(Dataset records)
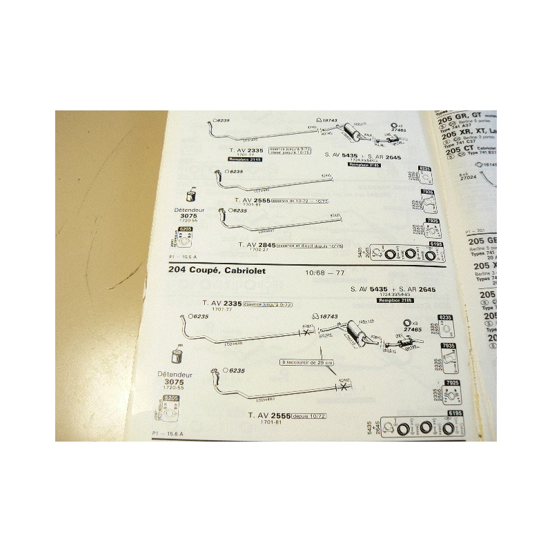 Valable aussi sur 304 Berline et break Essence de 69 à 09/72 + 304 berline et break Diesel 76 à 09/79. Pour 304 Cabriolet de 03/69 à 09/72, raccourcir de 29cm.
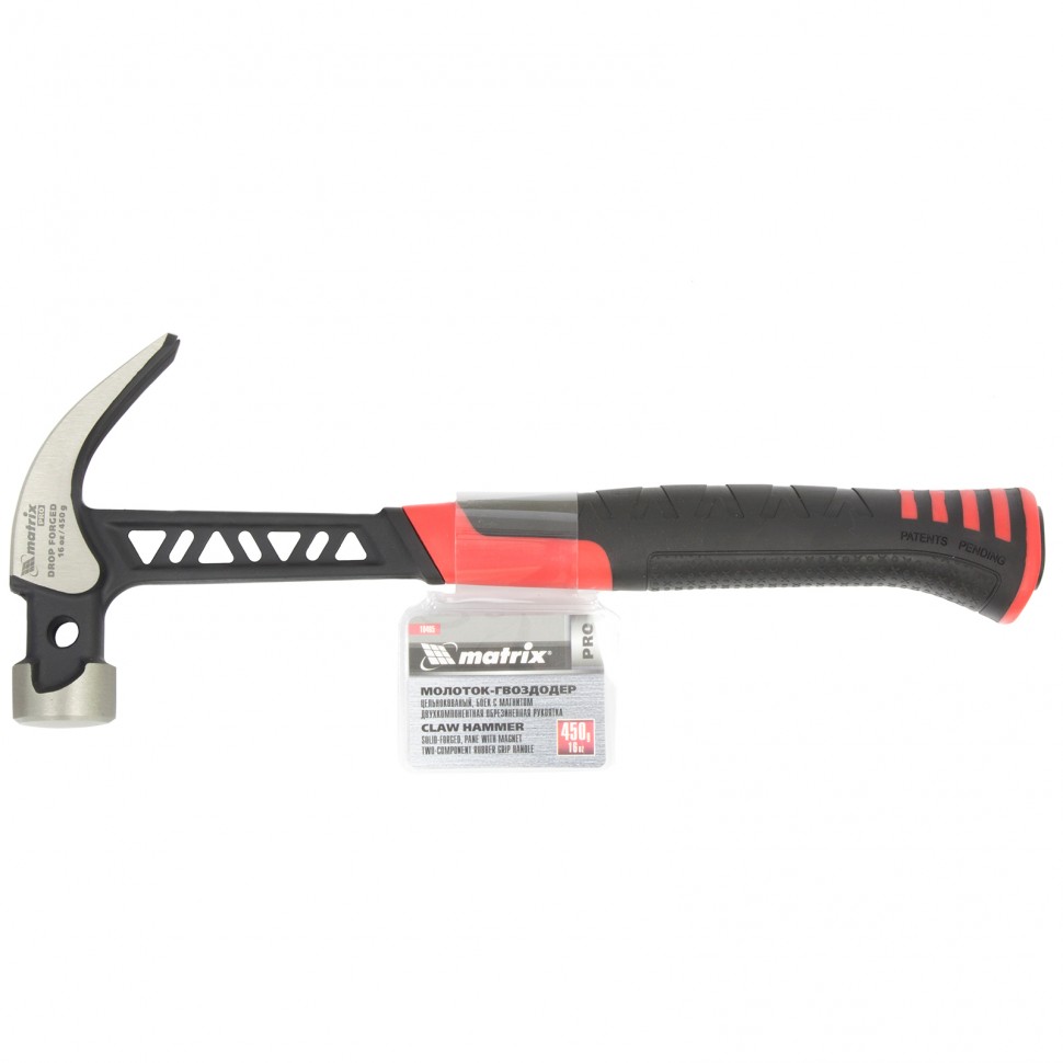 Молоток-гвоздодер, 450 г, цельнокованый, боек с магнитом, двухкомпонентная обрезиненная рукоятка Matrix Pro в Челябинске
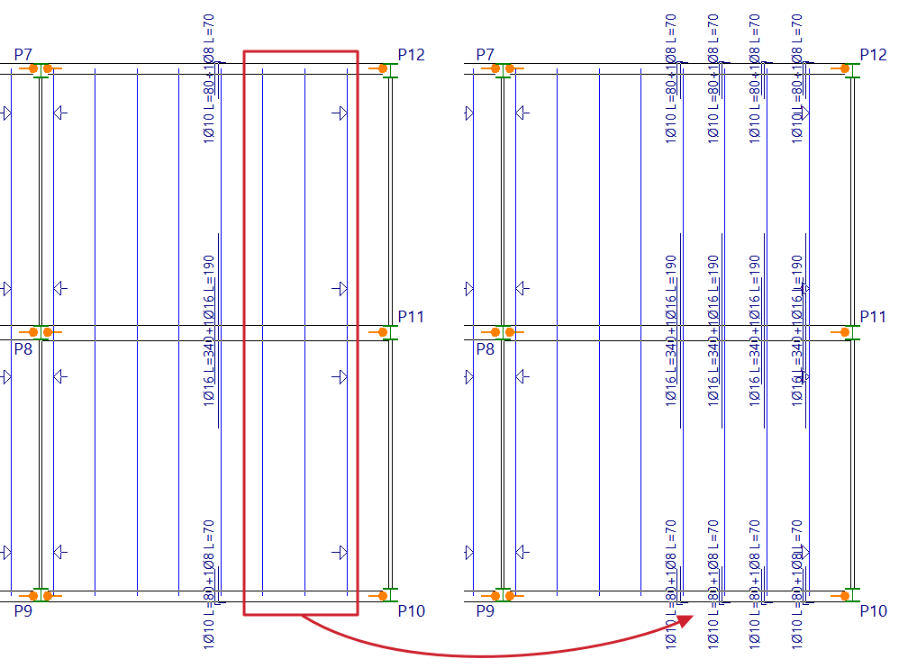 - Si se selecciona "Igualar longitudes", se agrupan las barras de negativos para viguetas continuas con la misma armadura cuyas longitudes parciales (a ambos lados) no difieran del porcentaje o del valor indicado. Las longitudes parciales de las armaduras se igualan a la longitud mayor o a la longitud media del grupo, en función de la opción seleccionada.
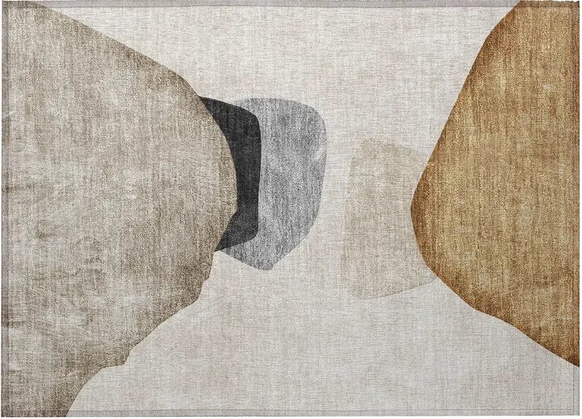 Tan Brown and Gray Abstract Washable Non Skid Indoor Outdoor Area Rug
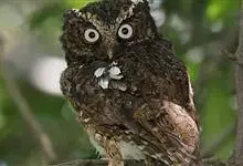 小雕鸮是脊索动物门鸟纲今颚总目、鸮形目雕鸮属动物。面盘显著,为淡棕黄色,杂以褐色的细斑。眼先密被白色的刚毛状羽,各羽均具黑色端斑。眼的上方有一个大形黑斑。皱领为黑褐色。头顶为黑褐色,羽缘为棕白色,…全部>>
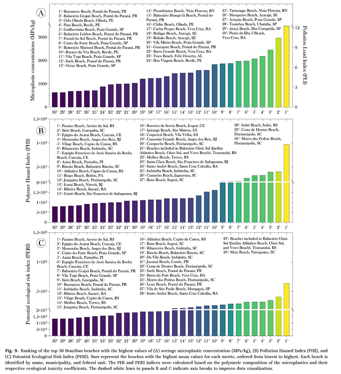 Além do ranking das 30 principais praias brasileiras com os maiores valores de concentração média de microplásticos (MPs/kg), o estudo também apresenta outros dois rankings: Índice de Perigo de Poluição (PHI) e o Índice de Risco Ecológico Potencial (PERI).
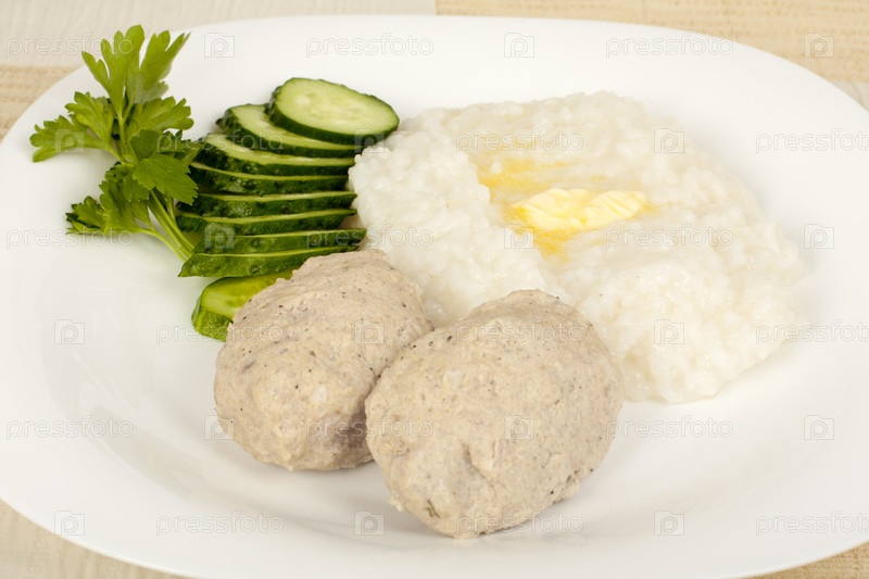 Мясные котлеты с рисовой кашей, приготовленной на пару

_Exercise prompt_. Locate the line containing "小雕鸮是脊索动物门鸟纲今颚总" in the records above, then output it and every line after it through the last, excluding pictures.

_Output for this exercise_.
 小雕鸮是脊索动物门鸟纲今颚总目、鸮形目雕鸮属动物。面盘显著,为淡棕黄色,杂以褐色的细斑。眼先密被白色的刚毛状羽,各羽均具黑色端斑。眼的上方有一个大形黑斑。皱领为黑褐色。头顶为黑褐色,羽缘为棕白色,…全部>>
 Além do ranking das 30 principais praias brasileiras com os maiores valores de concentração média de microplásticos (MPs/kg), o estudo também apresenta outros dois rankings: Índice de Perigo de Poluição (PHI) e o Índice de Risco Ecológico Potencial (PERI).
 Мясные котлеты с рисовой кашей, приготовленной на пару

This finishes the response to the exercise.